…is me! My name is Soxna Aan Faal (pronunciation key: the “x” is pronounced with a nasal-y “h”, Aan is like “ah-n”, and Faal is like “fall”, which is also how I’ve seen it spelled on my brother’s army ID). I am named after my mom, so everyone jokes that my brothers are my sons, etc. (sort of a standard family thing here, to refer to your husband’s sisters as your sisters and your dad’s brothers as your dads, etc.). My parents are on the older side, so my oldest brother, Modou, is essentially the man in charge at home, because he’s the oldest and because he’s the bread maker (he farms and is a taxi driver). He’s married and has 3 kids (the youngest is a beautiful little baby). I have another brother who lives at home, too, and 2 women who might be my sisters (I think one is actually married to another brother of mine who doesn’t live at home or something…not sure). There is also another family who lives in our compound, and the dad helps out in the fields I think. They have 2 beautiful little kids, and the girl is incredibly helpful to her mother and everyone actually.
I don’t really know where to begin for what to say about the past week. It has been a mix of highs and lows, but mainly a steady mid-high. I spend my mornings with the 3 other trainees in my village learning Wolof with our Peace Corps LCF trainer, Bamba, who is great. Then we usually head to our respective homes for lunch. I typically sit under a mango tree with various members of my family and friends and have lunch mid-afternoon around 2 or 2:30, and then tea…lots of tea. It’s great, though. My brother makes really good tea – awesome mix of tea, mint, and sugar (lots of sugar). Around 4:30 we’d head out to the community garden and work on our demonstration plots for a vegetable garden and tree nursery until about 7 or so. Then we’d go home and chill out before dinner in the dark around 8 or 8:30. Then more chilling before bed around 10:30 or so. Lots of chilling, which is nice since it’s been hot – not super hot, but enough so I start sweating doing just about anything besides sitting/laying under the mango tree. The storms have been great – it’s rained almost every day. One night it stormed around 2am and it was awesome. The wind was so wild that the door to my bedroom blew open! It’s been good I have been dreaming in English, French, and Wolof since I had to try to tell my brother that my door was open not because I had forgotten to close my door but rather because of the wind – conversation a mix of French and Wolof, plus some random English words thrown in when I didn’t know what I was saying while I was half asleep. :)
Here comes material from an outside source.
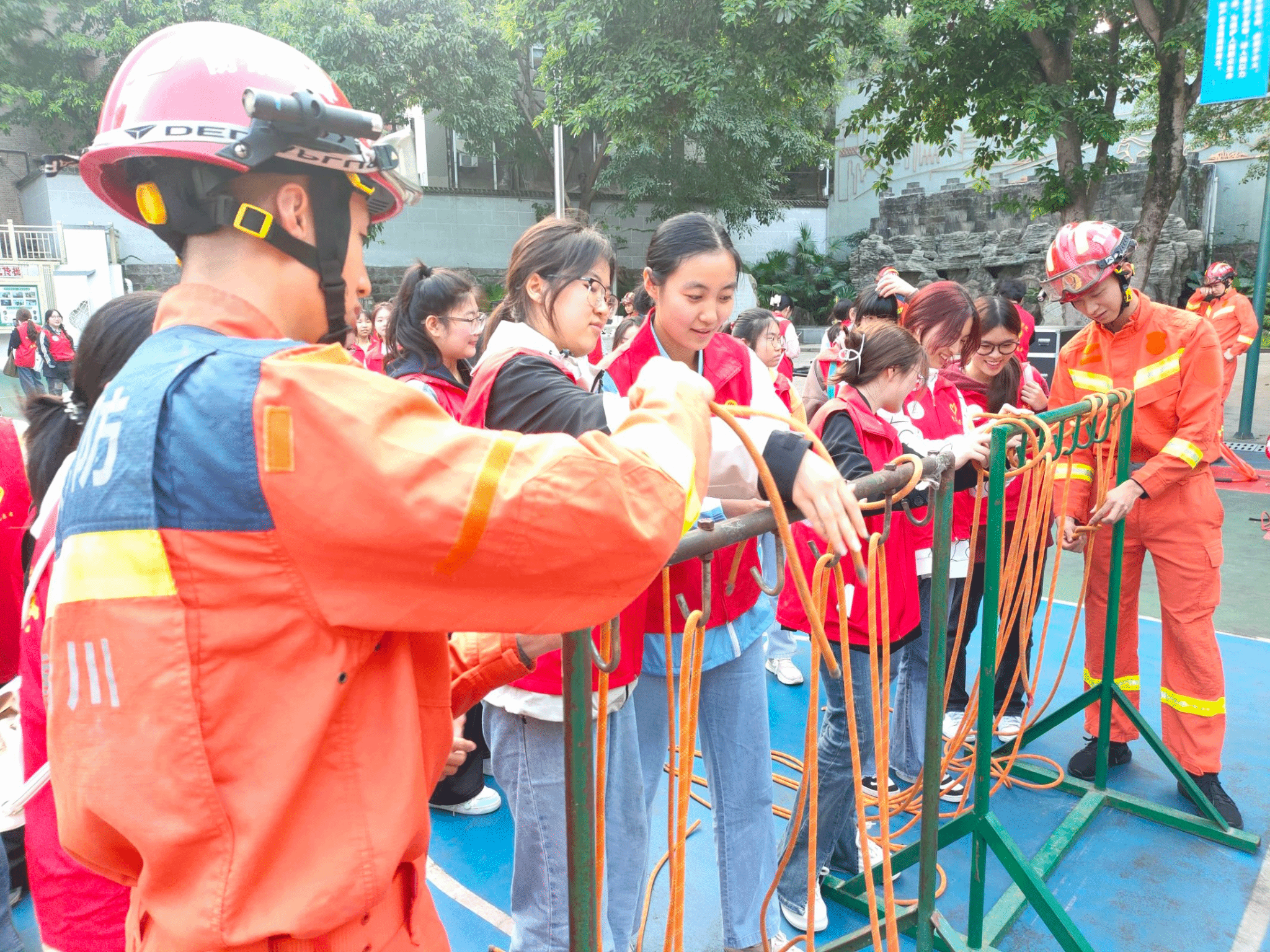 小小隐患,易酿大祸。为让学生们更深刻地了解消防安全知识,消防员引领引领学生们与消防设施进行零距离接触。首先消防员们指导同学学习结绳。并不是生活中常见的普通结绳,而是在消防救援中至关重要的技能。消防员展示结绳的多种结法,每一种结都有其独特的用途,感受其中安保的意义。接着让学生们切身体会灭火战斗服体验。灭火战斗服是消防员在面对熊熊烈火时的重要防护装备,它具有防火、隔热耐磨等多种功能。大家可以在消防员的协助下,穿上重达数十斤战斗服,感受它的厚重与坚实。

My Wolof is gradually getting better. That is definitely the most frustrating part of the homestay – not being able to communicate with my family very well at all. Luckily my brother and several other people (almost all men) know French pretty well in the village so I can have conversations with them and also verify my Wolof. I can’t wait until I can actually communicate more than simple greetings and phrases like “I’m going to Bamba’s house for class” or “I’m going to the garden” in Wolof. Patience, persistence, and an enormous amount of laughter are absolutely a must when it comes to this situation. I think I’ve had enough practice with the patience and persistence pieces from other aspects of my life; and it’s hard not to laugh at myself when I completely butcher words left and right, causing puzzled looks on the faces of my family, and when I’m sitting under a mango tree in Africa. Yes, that’s the hidden romantic in me speaking.
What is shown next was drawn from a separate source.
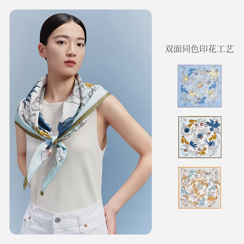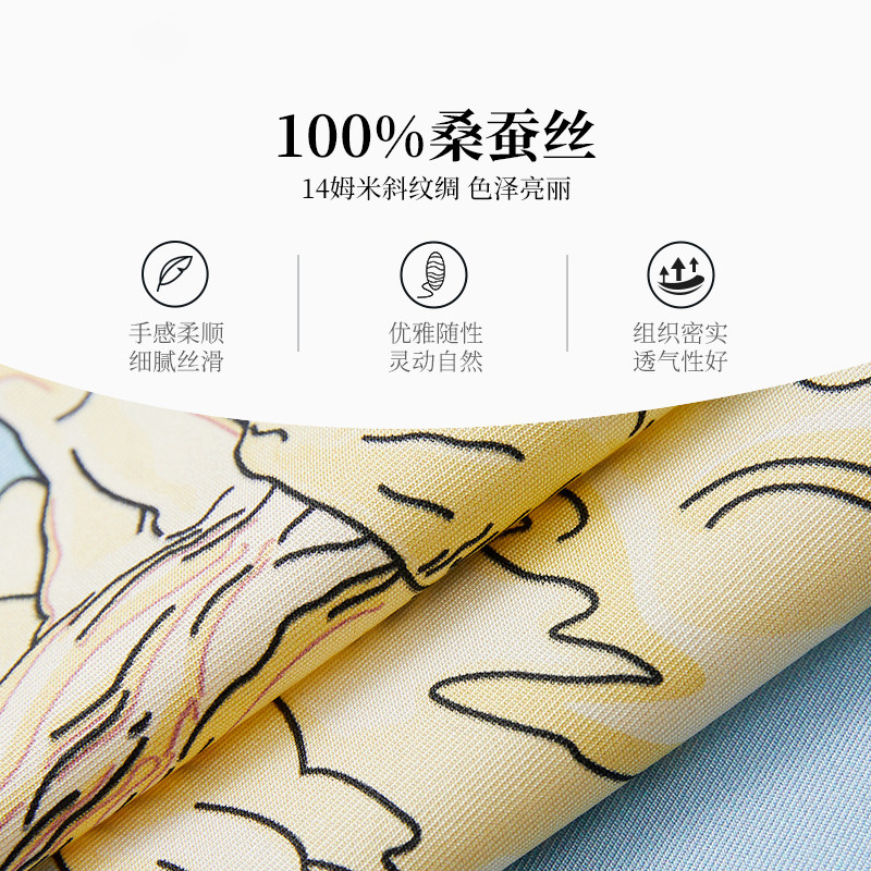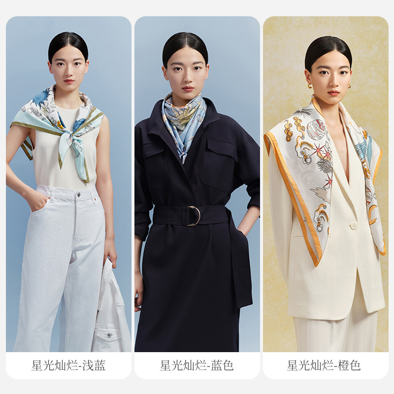万事利新款100%桑蚕丝卷边丝巾披肩女手绘涂鸦大方巾星光灿烂

But it’s not all laughter and mangoes here. There is real poverty, though my family probably wouldn’t ever say it. I had a long conversation in French with a good friend of my brother’s about how he had quit school because he wasn’t that great at it and because he needed to work to support his family and now he really regrets not staying in school. It’s like that all over Africa, he said – and the world, I said. And though there is more community here than I’ve ever felt in my life, there is also hierarchy and privileges for some. And though everyone (for the most part) loves the kids and watches out for them and feeds/cleans/clothes them, there is also little hesitation when it comes to disciplining them. I hesitate to write this because I don’t want anyone to get the wrong idea about Senegalese people, but it’s true: the taboo about hitting a child in the US does not exist here. This type of discipline doesn’t always happen and not every parent does it, but it’s not looked down upon the same here as it is in the states. Also, cleanliness here is on a completely different level than back home, though I’m of the mindset that whatever doesn’t kill you only makes you stronger. The kids here definitely have stronger immune systems than kids in the US. (Just wish it wasn’t true that so many kids die in Africa because of very preventable/curable illnesses such as diarrhea.)
I hope to have time to write a few more thoughts here in the next couple days while we’re back in Thiès, but I can’t make any promises. Though I sometimes wonder what I do with hours during my day, I always seem to be busy, and I’m sure the next few days won’t be an exception.
Oh, I miss the mint tea -- my favorite is the second brewing. I left just as the storms were starting, but I remember what they can be like -- stay safe!